Um filme profundo, que traz e recria a realidade de muitos de nós. A cada imagem me vinha lembranças minhas. Tudo que se pode ter como referencia de caráter, de força e resistência. Resistência essa que está além do simples e ao mesmo tempo complexo significado da palavra. O filme detém em si uma força que eclode nossos corpos, ultrapassa as barreiras do real, assim como sua força. Numa forma de achar uma justificativa para esse prêmio, parei e olhei ao meu redor, meu contexto de vida, o meu real e percebi que ao mesmo tempo que ele atravessa tudo ao nosso redor, ele estava ali na minha casa, nossas casas, minha avó, nossas avós, minha mãe, nossas mães, minha tia, nossas tias e ali nós do Júri Jovem da oitava edição do CachoeiraDoc vimos DEUS, e ele é uma mulher preta. O filme Deus, de Vinicius Silva, também ganha prêmio de melhor curta-metragem.

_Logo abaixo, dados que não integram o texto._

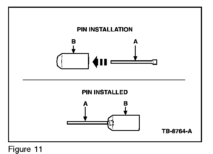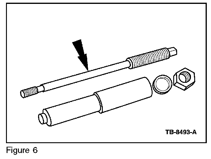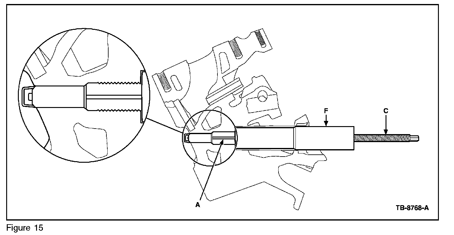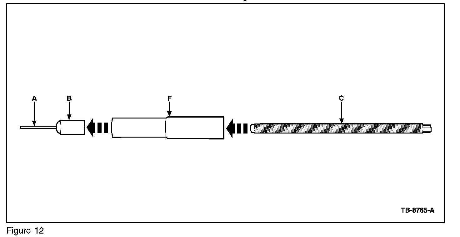 3. Insert a pin (A) into the collet (B). Screw the collet onto the threaded rod (C). Install the assembled collet, pin, and threaded rod into the steel tool pilot (F). (Figures 11 and 12)

O filme que escolhemos nos mostra que as categorias e critérios de análises dominantes não nos servem mais. Esse filme nos olha de uma outra forma e nos toma, nos irrompe e nos exige uma outra postura diante da história, do presente e da necessidade de intervenção e crença num outro futuro. Nada nesse filme está ileso da memória que é mobilizada e nem das demandas e dores de quem o filme e de quem é filmado. Entre muitos brilhos e luzes, esse filme se mistura para criar o novo, o Possível, o real. Esse filme nos desloca, tira nosso chão e disputa pela memória do seu povo, pelos seus direitos, e pela construção de si através e com as imagens. Por nos mostrar que o cinema não pode pouco; pelo processo que funda e expande esse filme; pelo compromisso com a vida, com a terra e com o cinema; pelo encontro transformador do raio com a imagem, nós do júri jovem com o imenso prazer, premiamos como melhor longa-metragem da oitava edição do Cachoeira Doc o filme Ava Yvy Vera: O povo da terra do raio.”